I realize all these calculations can get confusing. The bottom line is that slower is better when it comes to working on pipes and stems. Of course, there is no substitute for skill and experience, and even a less-than-perfect setup can yield outstanding results in the hands of a skilled craftsman. Here's a quick summary:

Preferred Motor Speed: 1725 RPM

Preferred Wheel Size: 6 in. or 8 in.

Acceptable Motor Speed: 2000 RPM

Acceptable Wheel Size: 4 in.

(Also see the Q&A on buffing wheels and compounds.)


----------



## buzkirk (Mar 20, 2006)

Thanks !

Been looking for this info myself .

Tom


----------



## Mister Moo (Sep 8, 2005)

http://www.aspipes.org/faq/faq/ASP_Buffing_Polishing_FAQ.pdf

pipes.org discussions: 4", "6", 8", or 10" Buffer/Bench Grinder?

Low speed wheels are the real deal; you can de-nomenclature briar and fur up vulcanite and acrylic in a heatbeat if you're a bit careless; I practiced, then tried to ruin, a vulcanite bit'ed pipe on my "buffer" - it wasn't that hard to mess it up.
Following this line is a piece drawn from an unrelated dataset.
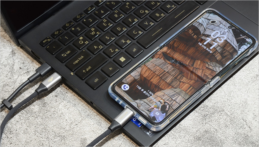 썬더볼트 4 단자는 상시전원을 지원해 (단, 노트북 전원이 연결되어 있어야 한다.) 노트북이 꺼진 상태에서도 스마트폰 충전이 가능하다. (MSI 센터 S에서 기능을 설정해야 사용할 수 있다.)
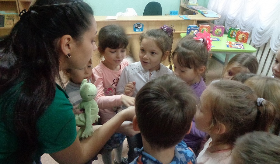 Дети не учатся, они узнают и запоминают то, что им было интересно узнать ушами, глазами, руками и ногами. Поэтому для проведения игровой программы «Играм по-английски» библиотека пригласила детскую игровую студию «Крошки-ладошки».

Anyone should think twice (slowly) before getting a grinder to act as a pipe buffer.

I've noticed a couple of pipe shops with home made long shaft multiple wheels (like 5 or six) on a single drive motor. They run a lot slower than my 1750/3500 rpm 2x variable grinder/buffer and they'd certainly be much less difficult to use for waxing and polishing a pipe - especially a pipe with fine features. That said, I use the low speed on my two speed wheel without problems - except there are some pipes I wouldn't buff with it for fear of taking off details I'd miss. 800-900rpm seems like the perfect place to be.


----------



## BigKev77 (Feb 16, 2008)

Some great answers guys. Thanks


----------



## sepia5 (Feb 14, 2006)

So, hypothetically, something like this:

NEW RAND 350W High Power Drill Press/Bench Top - eBay (item 350190760857 end time Apr-22-09 18:00:00 PDT)

with a 4-inch wheel would work, if you were careful to go slow and not press the pipe/stem?

Or I guess this would be perfect if it was free-standing:

http://cgi.ebay.com/Rand-7-Paint-Buffer-Polisher-1-6hp-Variable-Speed-Case_W0QQitemZ390045222443QQcmdZViewItemQQptZLH_DefaultDomain_0?hash=item390045222443&_trksid=p3286.c0.m14&_trkparms=66%3A2%7C65%3A10%7C39%3A1%7C240%3A1318


----------



## plexiprs (Nov 18, 2005)

FOREDOM Bench Lathe ... nuff said!


----------



## BigKev77 (Feb 16, 2008)

plexiprs said:


> FOREDOM Bench Lathe ... nuff said!


If I only use half of it's rpm range, you think they will take off 50%? That would make a nice buffer.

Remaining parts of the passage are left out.